[WHAT IS EXPECTED] When the line containing "咨詢工程師(投資)執(zhí)業(yè)管理辦法(試行)" appears in the data below, begin copying there and stop only after the line containing "The Outpost ofrece".

[DATA EXTRACT]
------------------------------

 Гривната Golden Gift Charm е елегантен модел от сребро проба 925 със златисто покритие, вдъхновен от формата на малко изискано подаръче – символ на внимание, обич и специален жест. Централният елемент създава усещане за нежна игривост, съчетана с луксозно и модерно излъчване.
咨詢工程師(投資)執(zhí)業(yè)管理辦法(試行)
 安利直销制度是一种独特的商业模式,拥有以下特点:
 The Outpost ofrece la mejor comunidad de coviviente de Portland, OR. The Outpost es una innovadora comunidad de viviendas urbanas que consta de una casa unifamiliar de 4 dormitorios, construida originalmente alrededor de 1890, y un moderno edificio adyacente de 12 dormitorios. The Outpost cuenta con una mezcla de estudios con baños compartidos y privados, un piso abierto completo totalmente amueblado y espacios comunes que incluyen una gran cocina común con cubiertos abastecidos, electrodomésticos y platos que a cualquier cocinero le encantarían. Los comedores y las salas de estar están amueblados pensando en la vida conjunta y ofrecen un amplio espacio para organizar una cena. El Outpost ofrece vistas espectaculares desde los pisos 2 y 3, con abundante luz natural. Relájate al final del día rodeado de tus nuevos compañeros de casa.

------------------------------

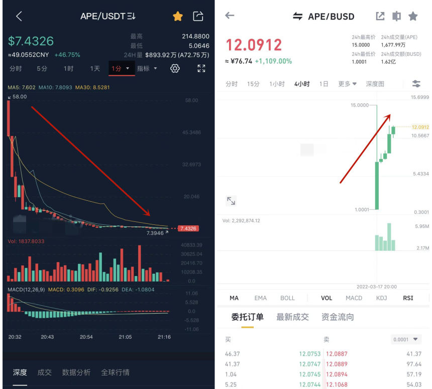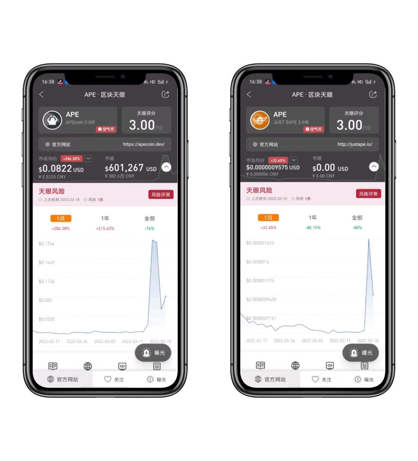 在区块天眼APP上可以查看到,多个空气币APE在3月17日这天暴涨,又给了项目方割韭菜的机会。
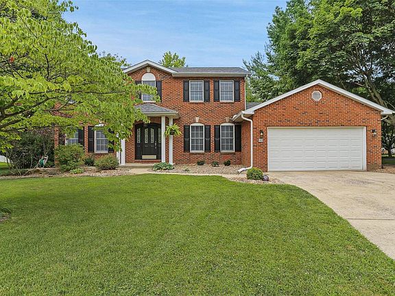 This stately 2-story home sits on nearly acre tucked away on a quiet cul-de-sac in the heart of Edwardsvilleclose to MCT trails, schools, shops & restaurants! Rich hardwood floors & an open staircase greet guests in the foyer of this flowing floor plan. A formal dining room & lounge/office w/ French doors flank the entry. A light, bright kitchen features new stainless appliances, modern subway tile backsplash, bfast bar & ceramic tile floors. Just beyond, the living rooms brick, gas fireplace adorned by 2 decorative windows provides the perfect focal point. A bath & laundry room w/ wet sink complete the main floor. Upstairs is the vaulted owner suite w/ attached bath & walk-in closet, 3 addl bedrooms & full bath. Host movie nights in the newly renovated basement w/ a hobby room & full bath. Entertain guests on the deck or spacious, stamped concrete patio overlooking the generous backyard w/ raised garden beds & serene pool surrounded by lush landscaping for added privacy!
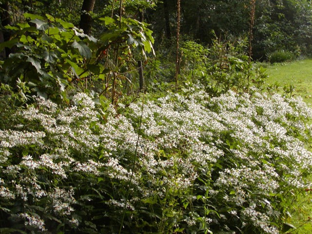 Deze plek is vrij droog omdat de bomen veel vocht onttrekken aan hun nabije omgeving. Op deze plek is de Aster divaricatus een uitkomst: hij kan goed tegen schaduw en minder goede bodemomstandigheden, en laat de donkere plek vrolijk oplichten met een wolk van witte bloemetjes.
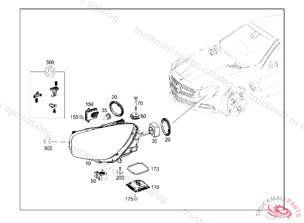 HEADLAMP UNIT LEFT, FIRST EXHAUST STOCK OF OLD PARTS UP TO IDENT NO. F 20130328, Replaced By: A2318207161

------------------------------

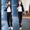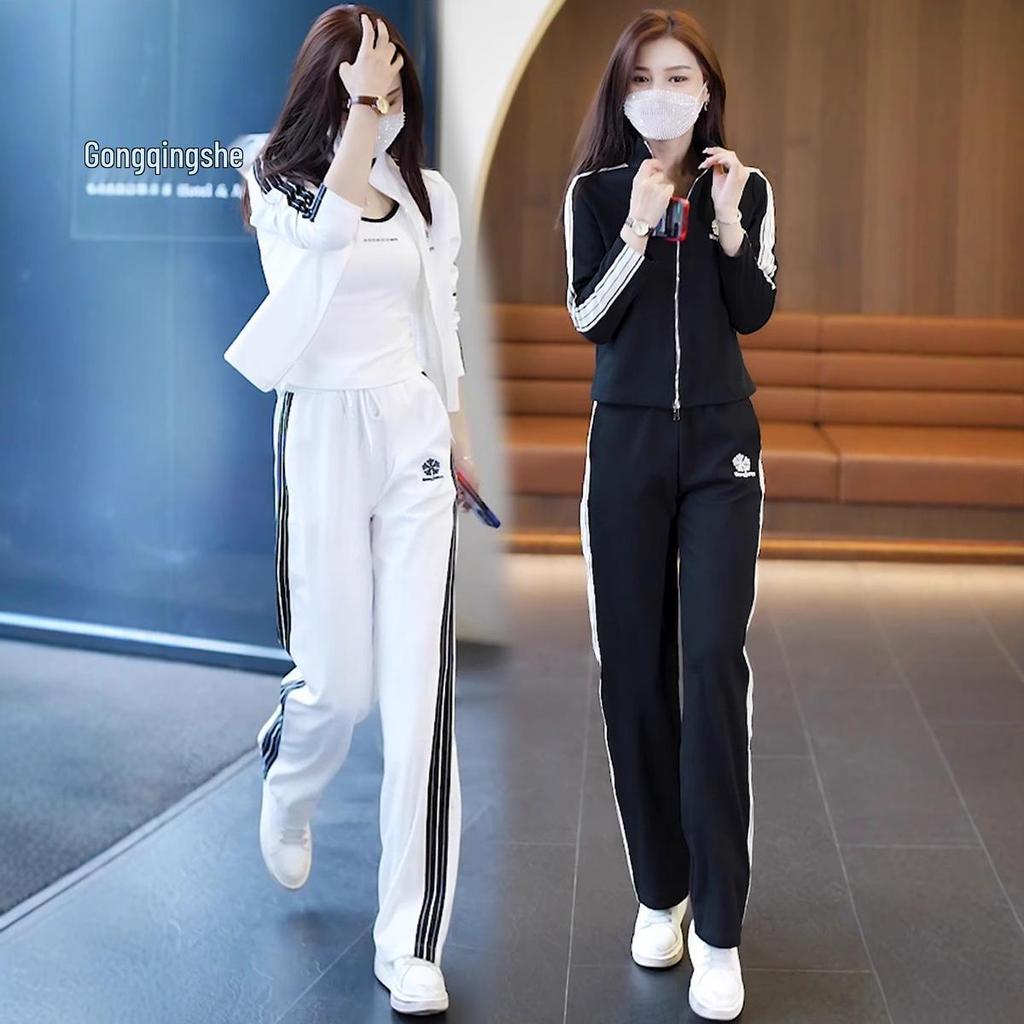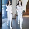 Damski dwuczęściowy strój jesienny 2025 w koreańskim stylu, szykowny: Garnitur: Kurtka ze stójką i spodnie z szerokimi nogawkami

------------------------------

[THE COMPLETED TASK]
咨詢工程師(投資)執(zhí)業(yè)管理辦法(試行)
 安利直销制度是一种独特的商业模式,拥有以下特点:
 The Outpost ofrece la mejor comunidad de coviviente de Portland, OR. The Outpost es una innovadora comunidad de viviendas urbanas que consta de una casa unifamiliar de 4 dormitorios, construida originalmente alrededor de 1890, y un moderno edificio adyacente de 12 dormitorios. The Outpost cuenta con una mezcla de estudios con baños compartidos y privados, un piso abierto completo totalmente amueblado y espacios comunes que incluyen una gran cocina común con cubiertos abastecidos, electrodomésticos y platos que a cualquier cocinero le encantarían. Los comedores y las salas de estar están amueblados pensando en la vida conjunta y ofrecen un amplio espacio para organizar una cena. El Outpost ofrece vistas espectaculares desde los pisos 2 y 3, con abundante luz natural. Relájate al final del día rodeado de tus nuevos compañeros de casa.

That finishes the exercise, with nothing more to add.